The first protesters who reach the fence don't know what to do. One or two climb to the top to take pictures or just hang there for a moment, but they scramble down quickly. After about 15 minutes, though, there's a critical mass of several hundred pushing against the barrier. They start throwing things over it: rolls of toilet paper at first, then empty plastic bottles. Then come the golf balls and hockey pucks, most landing before they hit the police but a few balls pinging off their helmets. There's still a festive air, but there's also rising tension. A few people next to me throw peanuts at the police and make monkey noises. A short guy with a beard and a red rubber clown nose climbs a spindly tree and throws two whipped-cream pies in the direction of the troops. Further back in the crowd, a homemade wooden catapult hurls an array of stuffed animals over the fence.
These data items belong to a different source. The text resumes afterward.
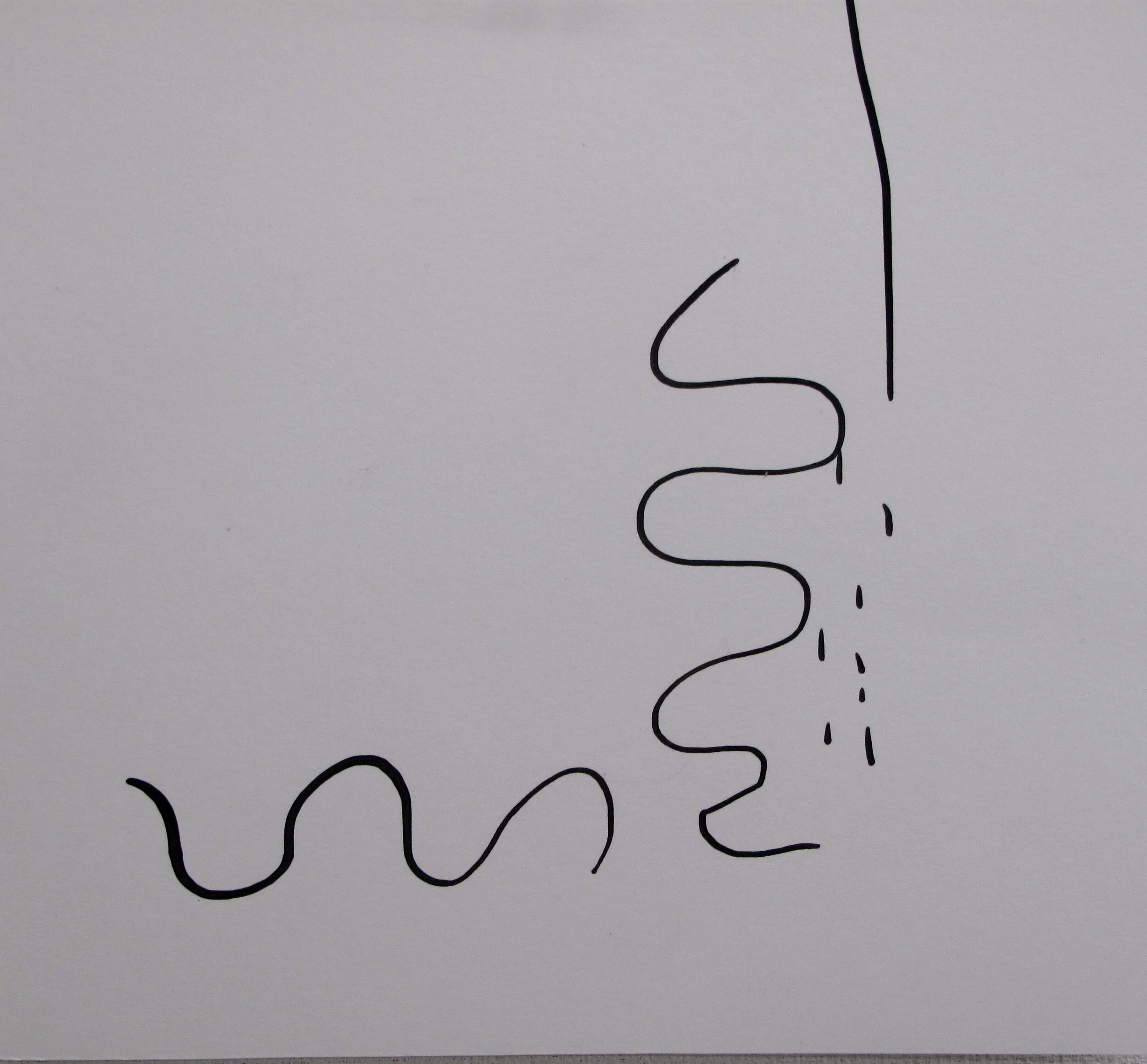 Press your drawing tool against the mesh of the screen to draw. It will push the ink out onto the paper below. Be careful, if you lay your hand down as you draw it will press the ink onto your paper in that area. The action can be a bit awkward at first. As you get closer to the frame of the screen, you may find that you need to use more pressure to span the gap between the mesh and the paper. But don’t get too aggressive, it’s not hard to puncture the mesh of the screen.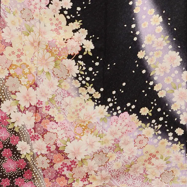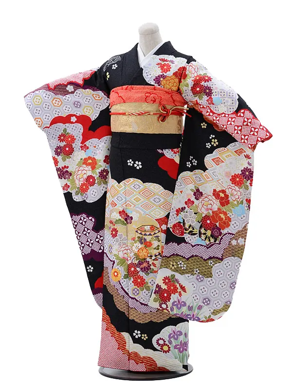 振袖レンタルE066黒地ラメ手まり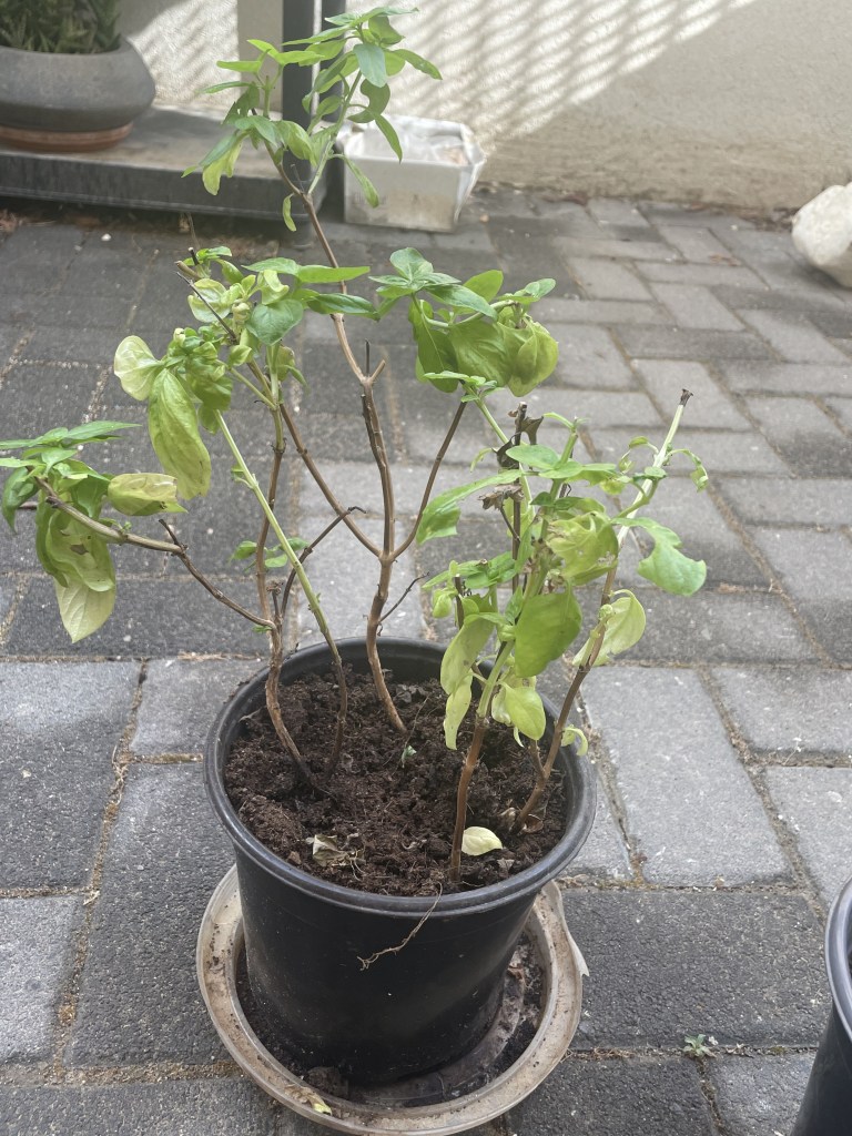 Cloning duplicates plants; in my experience my cloned basil plants appear stronger, with larger and more attractive leaves than those of the “donor” plant. Above is an example of an existing basil plant at the end of the summer – leggy, with small leaves.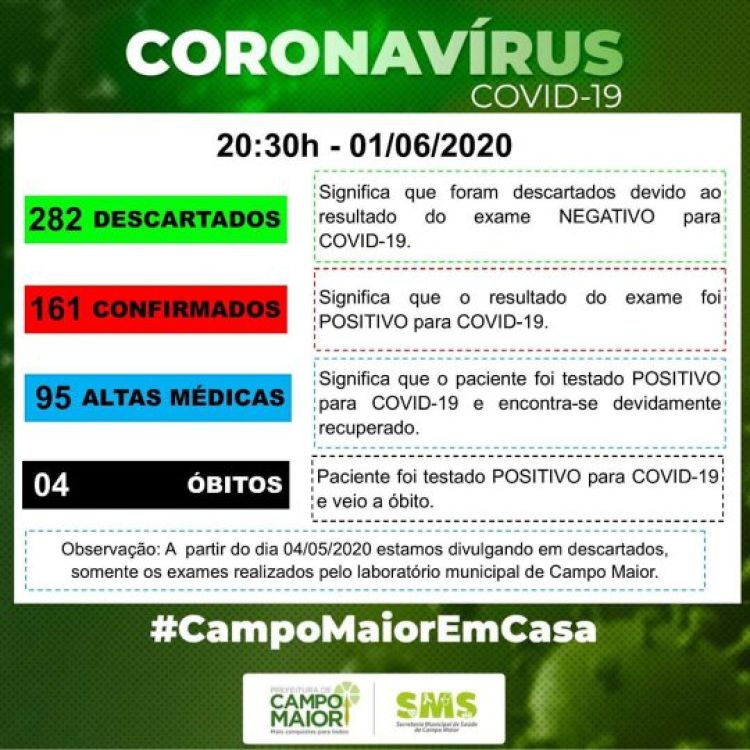 Na noite desta segunda feira (01), a Secretária de Saúde de Campo Maior divulgou uma nota informando a 4° morte causada por Covid-19 no Municipio.

But now there are chunks of pavement too, landing near the police with threatening clatters and skipping across the asphalt.

—Jesse Fox Mayshark


Ultimately, it may be this ability to swoon and trust that determines whether or not you personally are willing—eager even—to fall into this self-consciously theatrical and love-filled film. If you stop to pick it apart, to mock its big, soft, gooey center and resist what it wants to show you, you'll hate its seemingly overblown, almost operatic emotional swings and rhythms. But if you let it go, turn off your inner critic and hold Moulin Rouge's heart in you hands, you'll be richly rewarded by this lush, engaging, incredibly original piece of movie-making.

—Adrienne Martini


This approach will generate continued fear, ill will and confusion among the people who own property on the Square. (And doesn't it bother anyone in the city government how blithely they've defined those owners—the people who most palpably give a damn about Market Square—as problems rather than allies?) And it also, as experiences in Winston-Salem and many other cities attest, is neither the best nor fastest nor smartest way to do things. The problem is, it's the only idea the collective heads of our city-state have—and even though it's a pretty fuzzy idea and one they don't actually understand it, they lack either the willingness, the ability, or the sense God gave a pig to figure out how to generate other, better ideas. A good planning process for Market Square could make an amazing difference in attitude and approach within the next six months. Instead, at that point, we'll probably be fighting the same old battles all over again. It's too sad to be funny, too pathetic to be sad, and mostly just frustrating as hell.

—Jesse Fox Mayshark


We Have Ways of Making You ...

Speaking of KnoxRecall, as Metro Pulse went to press this week, the five plaintiffs challenging the Election Commission's decision to disqualify their move to recall Ashe and Council members Jack Sharp, Ed Shouse and Larry Cox were preparing to be deposed by City law Director Michael Kelley and Ashe lawyer Robert Watson. Earlier in the week, Chancellor Daryl Fansler had set a July 26 date for the hearing. Since the case hinges on the narrow legal issue of whether the Knoxville City Charter prohibits recalling officials who, like the current targets, have not yet served two years of their current terms, Kelley's plan to depose plaintiffs Diana Conn, Steve Dupree, Regina Rizzi, Brent Minchey and Greg Ganues is puzzling.

—Ear to the Ground


The stalemate is doing grave damage to this state as reflected in the erosion of its credit rating, its state university and its standing in the nation's eye as a result of near riots at the capitol by anti-income tax zealots. Moreover, the damage promises to get worse next year when the state's nest egg of tobacco money will have been exhausted.

—Joe Sullivan


His name often comes up in conversation, but you rarely hear anyone ask, "Ian who?"